Tuesday, May 1, 2007

Daily Highlights

The Los Angeles Times reports a gasoline tanker truck crashed and exploded Sunday, April 29, causing a 170−foot stretch of a major Bay Area freeway interchange to warp and collapse on the freeway below, forcing the closure of two damaged sections of the heavily traveled system which carries 270,000 vehicles to and from San Francisco each day. (See item 9)
The Associated Press reports public health experts are concerned that a shortage of farm animal veterinarians could lead to disease outbreaks, potentially endangering human health and risking the nation's food supply, with concerns centered on more than 800 diseases that can spread from animals to humans. (See item 16)
USA TODAY reports a deadly hemorrhagic septicemia virus is killing fish of all types in the Great Lakes, which some scientists fear could trigger a disaster for the nation's freshwater fish. (See item 18)
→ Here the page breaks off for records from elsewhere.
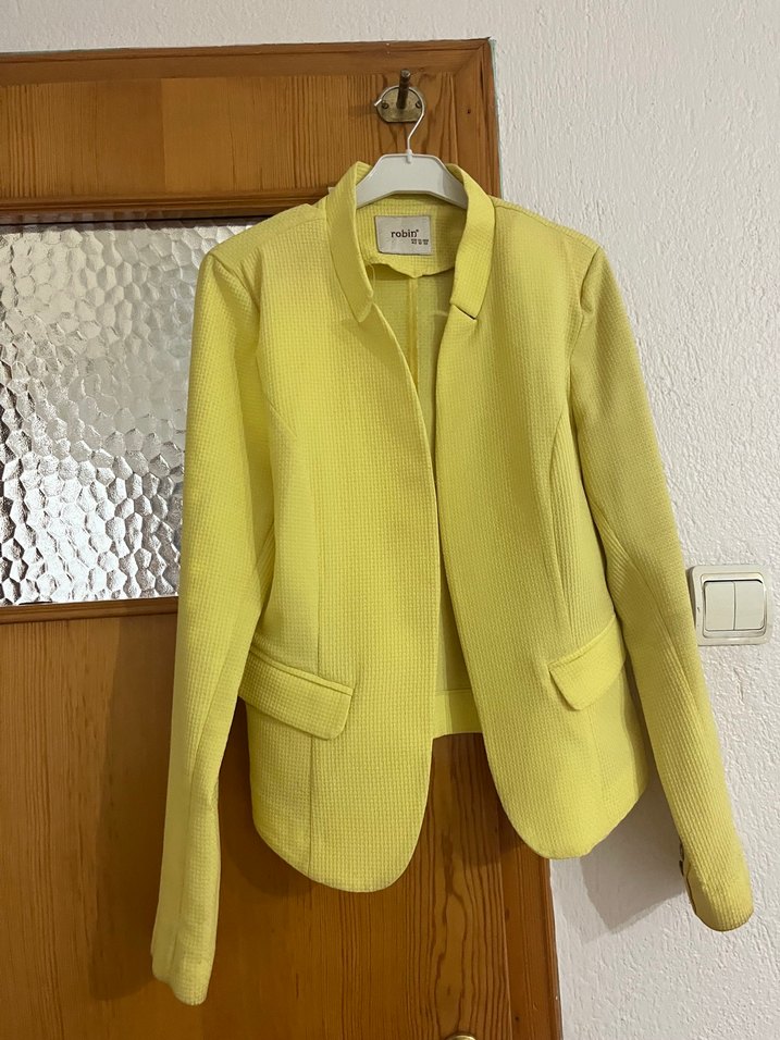 Sarı midi boy, düğmeli, kesik yakalı kadın blazer ceketi. Pürüzsüz sentetik kumaştan, normal kesim ve uzun kolludur, ofis için uygundur.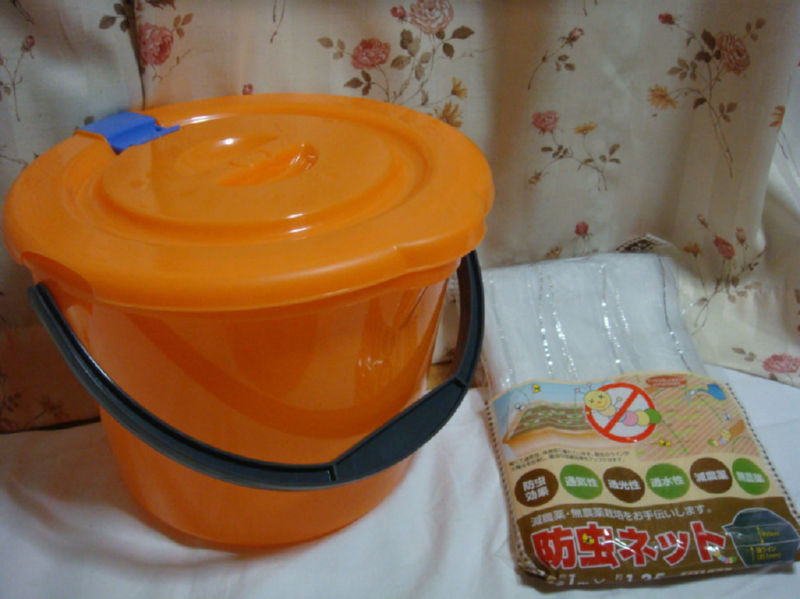 蓋付きバケツと網です。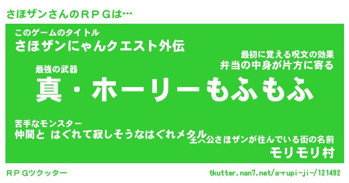| ファンタジー風あだ名 | 『サホフェル』『エターナルサホザンー』 |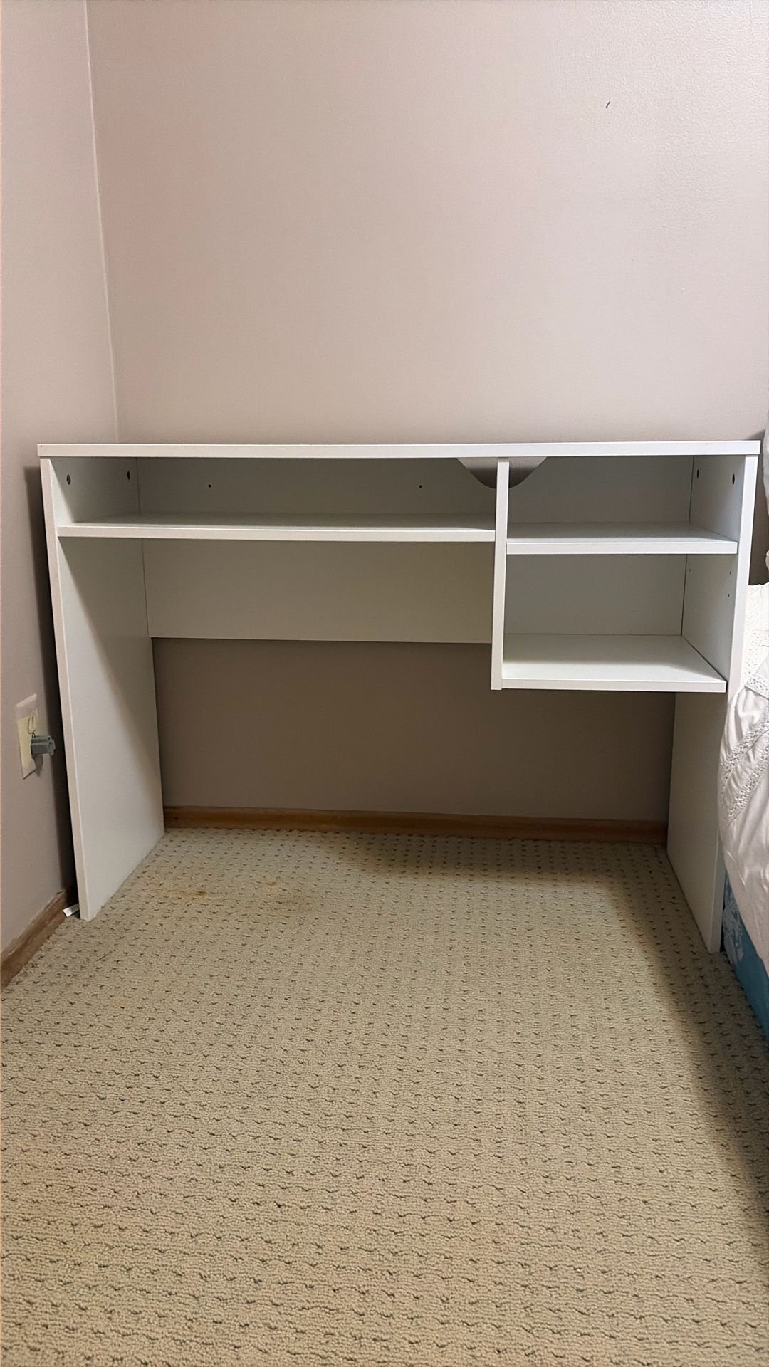 Small white desk measuring 30” high, 40” long , and 15” wide. In excellent shape! Perfect for a bedroom or dorm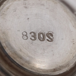 Height: 10 cm, base diameter: 3.5 cm. Weight: 43 grams of silver 830 fineness.
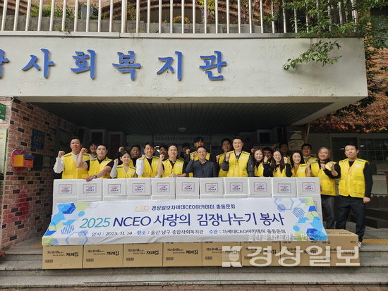 ▲ 본사 차세대 CEO 아카데미 총동문회(회장 최시훈)가 지난 14일 울산남구종합사회복지관에 김장 8㎏ 30박스와 옛간 김 5박스를 전달하는 김장나누기 봉사활동을 펼쳤다.본사 차세대 CEO 아카데미 총동문회(회장 최시훈)가 지난 14일 울산남구종합사회복지관에 김장 8㎏ 30박스와 옛간 김 5박스를 전달하는 김장나누기 봉사활동을 펼쳤다. 저작권자 © 울산일보 무단전재 및 재배포 금지 신동섭 기자 다른기사 보기 페이스북 트위터 카카오스토리 URL복사 기사공유하기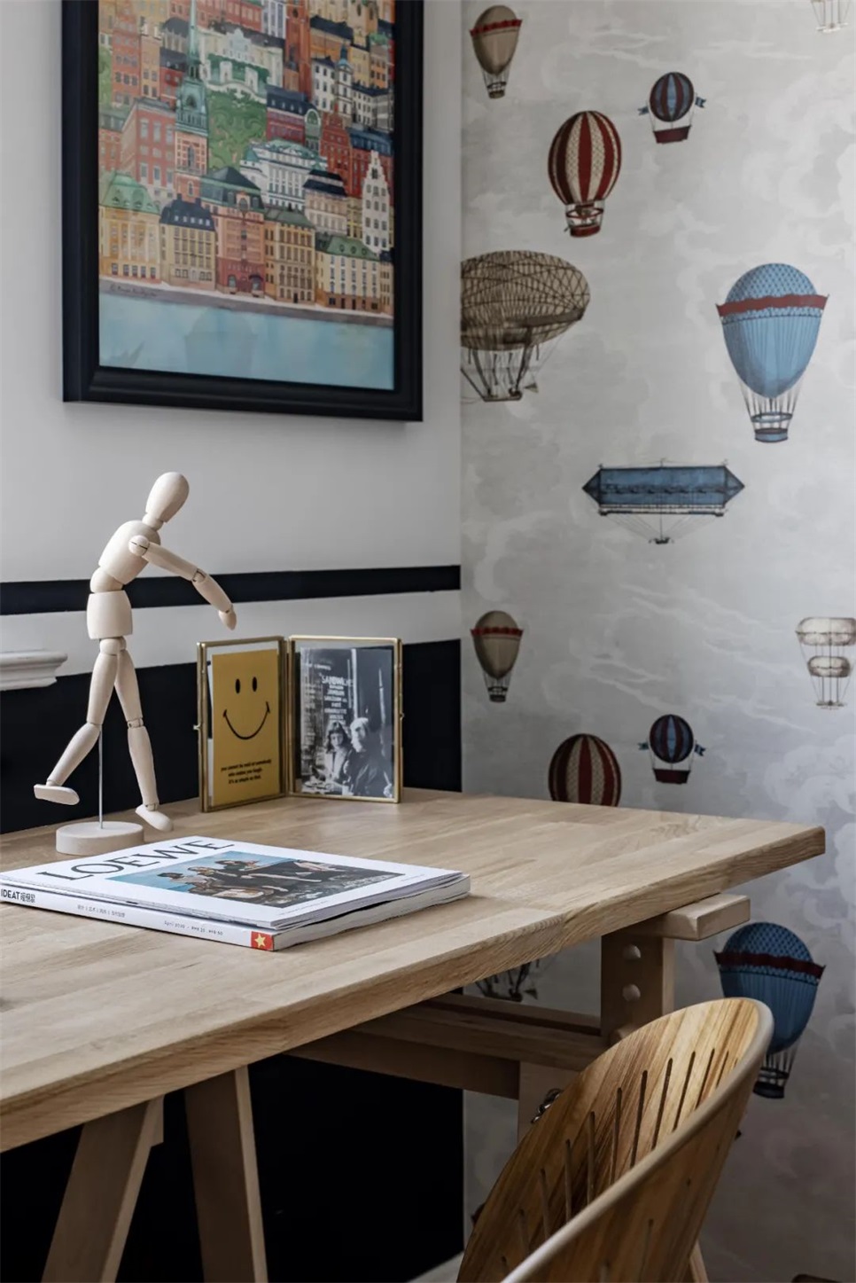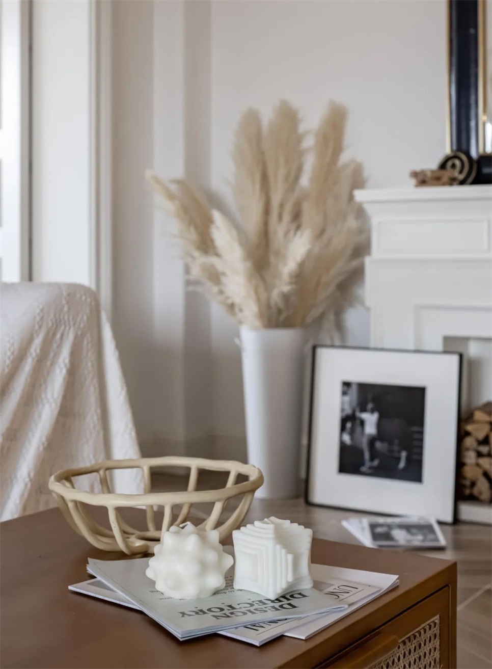 装饰方面,因为夫妇俩游历过多个国家,但还是最喜欢北欧家居中的人情味,空间中软装更注重与自然环境的结合,芦苇、木块,从旅途中淘回来的旧古董杂志架、蜡烛台,朴素自然有着原始独特美。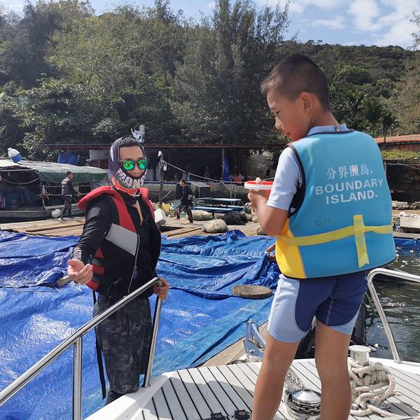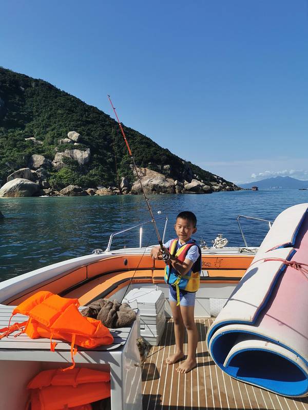 可恩钓上来三条老鼠斑鱼,这种野生的斑鱼长不大,这就是中等的了,据船长说一斤可以卖到两百多。哪天可以买个船专门来钓鱼发家致富了。后面又玩了摩托艇,海上游泳池,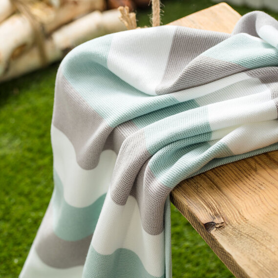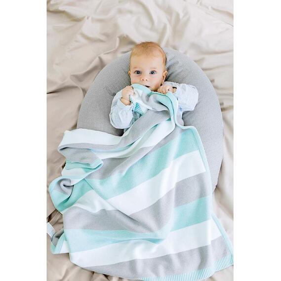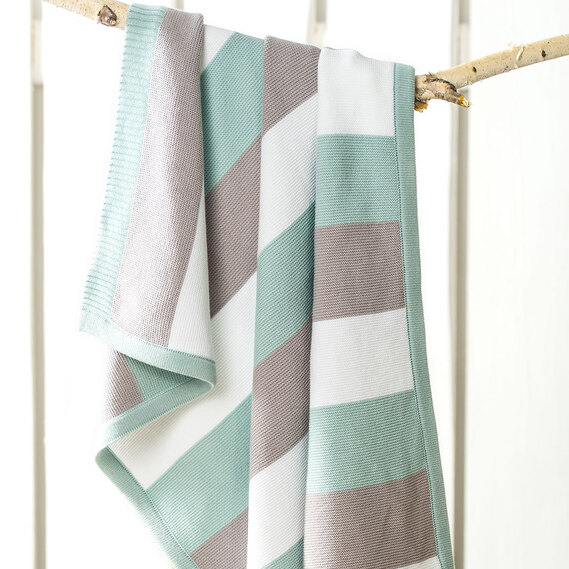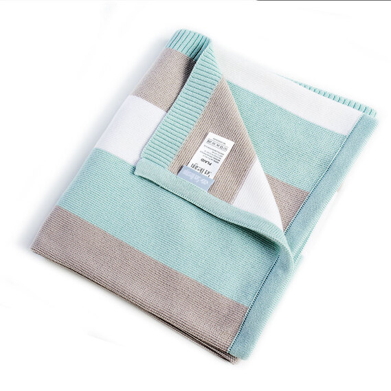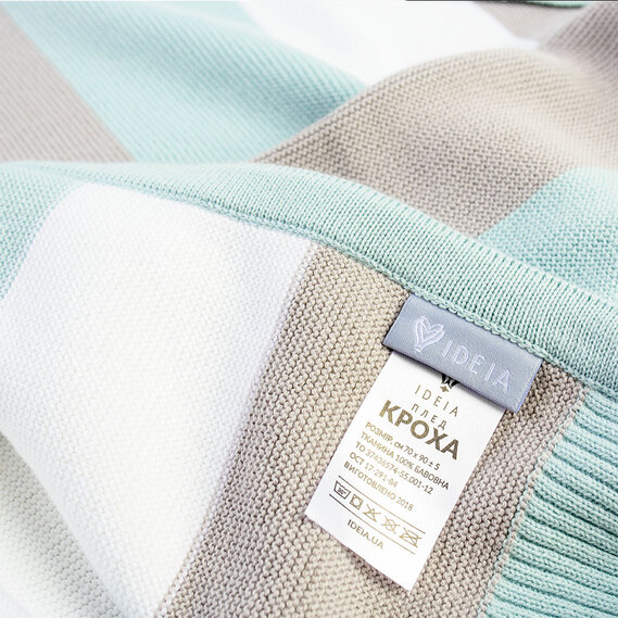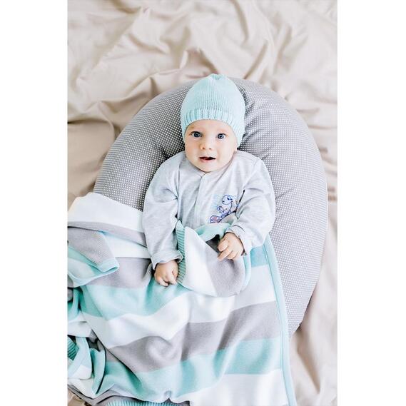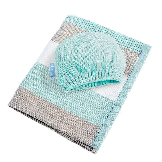 Плед вязаный и шапочка полоса ТM PAPAELLA 70х90 см св/зелений

Information Technology and Telecommunications Sector

36. April 30, SC Magazine — Second Adobe Photoshop flaw disclosed in a week. The hacker who last week disclosed a vulnerability in Adobe Photoshop posted exploit code for a fresh vulnerability in the product Monday, April 30. The most recently discovered vulnerability exists in Photoshop versions CS2 and CS3 and Photoshop Elements version 5. The flaw is caused by a boundary error within the PNG.8BI Photoshop Format Plugin when handling PNG files, according to a Secunia advisory. The flaw was ranked "highly critical" by Secunia. The vulnerability can be exploited to cause a stack−based buffer overflow via a malicious PNG file. Secunia recommended users avoid untrusted PNG files, adding that the flaw can be exploited to run arbitrary code.
Secunia advisory: http://secunia.com/advisories/25044/
Source: http://scmagazine.com/us/news/article/653839/second−adobe−photoshop−flaw−disclosed−week/

37. April 27, Nature — Quantum cryptography is hacked. A team of researchers has, for the first time, hacked into a network protected by quantum encryption. Quantum cryptography uses the laws of quantum mechanics to encode data securely. Most researchers consider such quantum networks to be nearly 100% uncrackable. But a group from the Massachusetts Institute of Technology (MIT) in Cambridge, MA, was able to 'listen in' using a sort of quantum−mechanical wiretap. The trick allowed them to tease out about half of the data, in a way that couldn't be detected by those transmitting or receiving the message. The group admits that their hack isn't yet capable of eavesdropping on a real network. "It is not something that currently could attack a commercial system," says Jeffrey Shapiro, a physicist at MIT and one of the authors on the study. But they expect that one day it will be able to do so, if quantum encryption isn't adequately adapted to stop such hackers from succeeding. The idea for this cunning trick has been around since 1998, but nobody had put it into practice until now. The team's experimental proof−of−concept is published in the 25 April issue of the journal Physical Review A.